There are very few things I remember about my childhood. One of them is my great grandmother and her wada. When I was in primary school, I used to visit her quite often after the school. That time she used to stay in a old wada in sadashiv peth. It was an Old house, with wooden roof and old tiles. The hall wasn’t bigger than 15 square ft. there was old TV in the corner, which was later replaced by a new one. Next to the TV there was white cooler and on top of that cooler there were god idols, small bed on the left side and two old wooden chairs next to the window, the window was next to the door it self. The door had old board saying ‘Nanal’ with floor covered with moss in the front yard. The kitchen was actually as big as a corridor. The house had two entrances, one into the hall and other directly into the kitchen. Near the kitchen entrance there were stairs to go to the second floor. They were dark and scary, with small 10volt bulb. It had a string attached on both sides for support. On the second floor there was small room with balcony. As u enter the kitchen there was small corridor leading us to the shani’s temple.
I still remember the smell of the wada. If you enter the kitchen first, there used to be this strong oil fragrance, which used to come form the temple lamp and then smell of rice and dal cooking in the kitchen. In the small corridor there used to be people, preparing prashad for the temple. The first thing I used to eat as I enter was coconut and sugar, which always had a smell of oil on it. There used to be a man outside the temple, selling flowers and different other things for devotees. The smell of flowers, oil and Prasad had a unique characteristic. I never believed in god, but I would like to say it was indeed a smell of god.
Temple had shani’s idol, dark black colored idol with two white eyes starring at you, always overflowing with flowers, coconut, sugar and coins. There was huge white box in front of it, for donation, I always wondered about the owner of that box. There was a bell on top of the box, every evening it used to ring continuously till the dinnertime. I always felt bad for the shani, as the temple had metal bars on two sides and it almost use to feel like a jail. I remember sitting there and drawing in the noontime, when it use to be empty.

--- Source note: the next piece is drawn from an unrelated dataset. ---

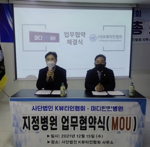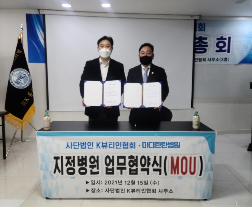 21년 12월 15일 사단법인 K뷰티인협회와 마디탄탄병원 협약식

After school as I use to enter the house, Panji aaji (great grandmother) would ask me to wash hands and then used to serve me lunch. I would never forget the taste of varan bhaat (dal rice) she used to make. Dal used to be little sweet and thick, she used to mixed it properly with rice and squeeze a lemon on top. Then she would put little salt and pickle in the side. Sometimes she used to serve curd rice along with lemon pickle. I still get craving for it sometimes. In summer vacations after lunch I used to go to watch a children play with lila aaji. There was a small theatre near by the wada. This place was full of positive energy and rich family history. My mother, her elder brother and all her cousins stayed in this place. They finished their education and many other got married in the same house.
The house has a huge veranda. And there were other houses surrounding it. Our modern idea of family is so restricted that everything is personal in it, there is no feel of family to it anymore. But in our wada it wasn’t like that. All families staying in the wada were part of one big family, though they weren’t related to each other directly. I remember as a kid I used to go with my mother for ‘mangala gauri’ where all the ladies in the wada would come and play different games and sing songs whole night. We will celebrate all festivals together. But when I was in secondary school, everyone shifted in apartments and my great grandmother started staying with my grandmother in a bungalow in warje. And everything stopped, I dnt have any memory of family functions other than occasional ‘kojagiri pornima’ nights.
Once for my history class I asked Panji aaji about her memories of freedom struggle. Now I remember it vaguely, but she mentioned about my great grandfather staying in Lahore and after partition shifting to Pune. She also told me about her meeting with Vir Sawarkar, when he returned to india after running away from the British custody. My grand mother was one of the ladies who welcomed him with flowers and aarti.
Now the whole chapter of history is vanished, memories are erased, untold, unanswered. Last time I met panji aaji was in December. She could hardly remember anything or anyone, but her past memories were coming back and she used to sing about Pandharpur , about how it is going to drown soon. And then she will cry like a small kid, as if she had her own world of memories following her. It wasn’t easy to see her in that stage. She had always been very healthy, only past three year she was on constant bed rest. I think she was the luckiest mother to have daughter like Lila aaji. Who took care of her, like a child for past 10 years and stayed there with her until today.
No one knows panji aaji’s age; she should be more than 90 years old. She had seen the whole world around her change from the british rule till todays so called developing India. She has been witness of almost four generations.
Today as she is not here, I am sitting here in Bangalore and these memories are coming back to me as if it was yesterday that I used to listen to her stories and visit her as a child. Now in this summer when I will go back to pune there will be a vacant bed in the hall, but I am sure she will be present through, her aroma, her words which are echoing in my mind and her belongings. She will be waiting there to meet me.